Your assignment>
Everything from the line with "Prior to 2014, most" to the line with "Permite consultar el" in the listing below, both lines included, needs to be copied exactly, apart from the pictures.

Source material>

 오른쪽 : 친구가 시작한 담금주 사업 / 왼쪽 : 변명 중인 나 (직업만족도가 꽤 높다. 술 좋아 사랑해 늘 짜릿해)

* * *

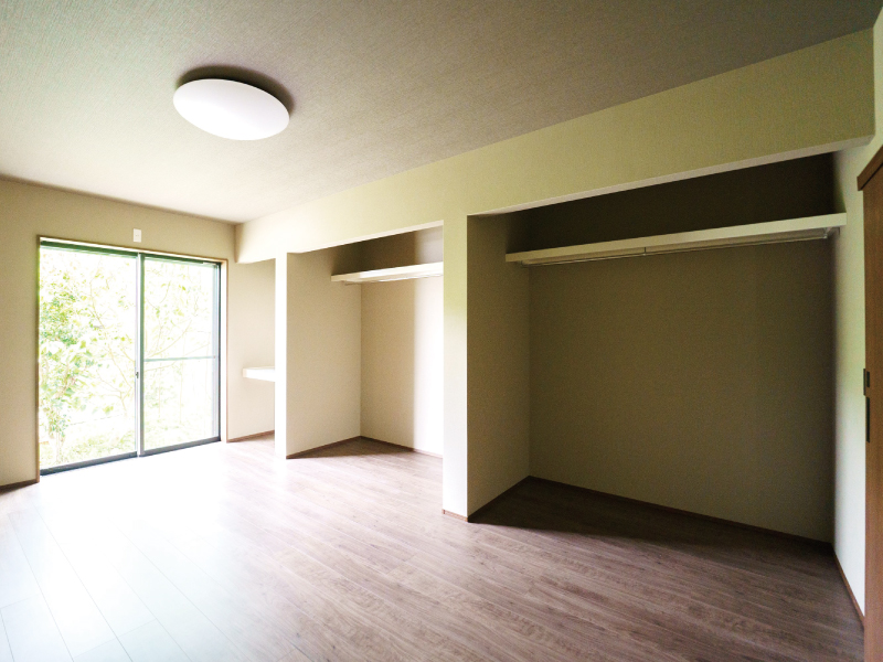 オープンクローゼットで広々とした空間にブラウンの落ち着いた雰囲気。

---

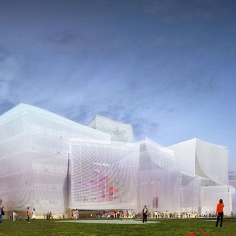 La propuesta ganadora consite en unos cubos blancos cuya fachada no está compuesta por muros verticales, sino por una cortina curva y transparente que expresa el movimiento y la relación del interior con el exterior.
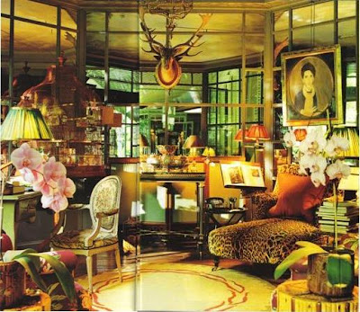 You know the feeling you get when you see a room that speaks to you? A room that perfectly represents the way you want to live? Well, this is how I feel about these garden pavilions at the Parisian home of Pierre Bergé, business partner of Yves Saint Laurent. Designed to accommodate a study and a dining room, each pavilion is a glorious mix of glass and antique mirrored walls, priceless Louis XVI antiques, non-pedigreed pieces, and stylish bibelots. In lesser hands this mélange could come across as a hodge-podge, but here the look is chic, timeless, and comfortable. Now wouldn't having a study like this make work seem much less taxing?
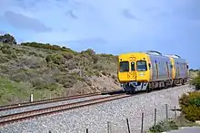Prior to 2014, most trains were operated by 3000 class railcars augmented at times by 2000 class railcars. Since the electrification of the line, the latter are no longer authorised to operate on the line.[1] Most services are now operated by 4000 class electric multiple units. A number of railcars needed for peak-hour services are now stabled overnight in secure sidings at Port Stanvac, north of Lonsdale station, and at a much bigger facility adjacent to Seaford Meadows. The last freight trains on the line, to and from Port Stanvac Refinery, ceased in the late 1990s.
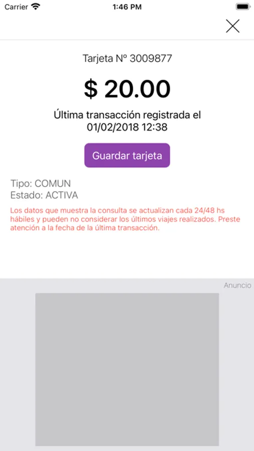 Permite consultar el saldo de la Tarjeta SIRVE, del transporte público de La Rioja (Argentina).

Written answer>
Prior to 2014, most trains were operated by 3000 class railcars augmented at times by 2000 class railcars. Since the electrification of the line, the latter are no longer authorised to operate on the line.[1] Most services are now operated by 4000 class electric multiple units. A number of railcars needed for peak-hour services are now stabled overnight in secure sidings at Port Stanvac, north of Lonsdale station, and at a much bigger facility adjacent to Seaford Meadows. The last freight trains on the line, to and from Port Stanvac Refinery, ceased in the late 1990s.
 Permite consultar el saldo de la Tarjeta SIRVE, del transporte público de La Rioja (Argentina).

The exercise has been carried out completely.